Fishmonger to Food Rescue
By Chris Ramos-Hernandez, Operations Manager at Lovin’ Spoonfuls
Before I joined the staff at Lovin’ Spoonfuls, where I now manage a team of our Food Rescue Coordinators (FRCs), I worked on the vendor side of things as a fishmonger at a grocery store - a location Spoonfuls picked up from. Despite the work being different, there are two key areas of overlap: feeding people and minimizing waste.
I always loved helping customers choose the best food to feed their families and friends. I would set up my service counter in creative ways to catch customers’ eyes and start a conversation where I could help them select the right fish for what they needed. The best part was watching them leave happy with their choice, on their way to feed their families.?
In the grocery world, in addition to making our customers happy, there’s an emphasis on making sales and cutting “shrink,” the term for scanning and logging what we throw out, or in other words, waste. While I enjoyed building those beautiful displays, there was an emphasis on making them bigger because that’s what attracts the customers. But the bigger the display, the bigger the possibility we didn’t sell all the product. You can see how sometimes the goals of feeding people and minimizing waste would be at odds with each other.
High-quality looking food was important, too, sometimes more so than the quality of the food itself. I found that to make my fish case “pop,” I had to match customer expectations when it comes to fish shine, firmness, and the color they think it’s “supposed” to be. But contrary to popular belief, those aren’t always indicators of quality fish. Sometimes I’d receive one or two fillets of fresh king salmon during the wild salmon season that would have an ivory color. Despite being a great product, customers would ignore the ivory salmon because many thought salmon had to have that orange/reddish color to be good. When I could, I’d let them know that the color was just less common and that the flavor is slightly more delicate and buttery than regular king salmon. Unfortunately, though, it often would still be left unsold, and customers would go for the orange/red color that they’re used to seeing.?

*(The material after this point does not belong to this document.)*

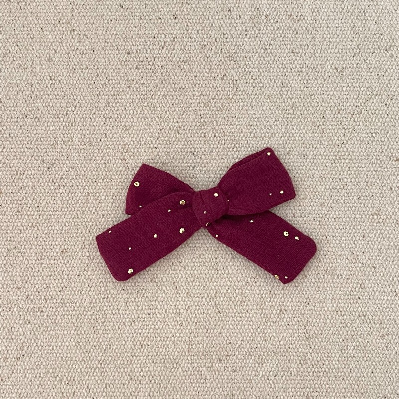 Le grand noeud est en gaze de couleur mûre à pois doré , il mesure environ 9,5 cm .

We see this at Spoonfuls, too, where we sometimes rescue the “ugly” fruits and vegetables that didn’t get sold because they didn’t look like what consumers were expecting. Some examples: an apple with a small bruise, a funny-looking green pepper, or a bag of oddly-shaped carrots. The produce is still tasty and nutritious, but because of the way they look, they often get left behind on the shelf.
In this case, the ivory-colored king salmon would fall into the shrink category, because it’s product we couldn’t sell. Knowing unexpected shrink like this was always possible, I did my best to limit the shrink where I had more control to avoid wasting food and money. I frequently took a deep dive on my top sellers and top shrink, and compared it to what I’ve been selling on a daily basis to see if I could make adjustments to my pars for more accurate ordering. I’ve looked into previous sales movement as well, which gave me an idea on how much I should order for the week.?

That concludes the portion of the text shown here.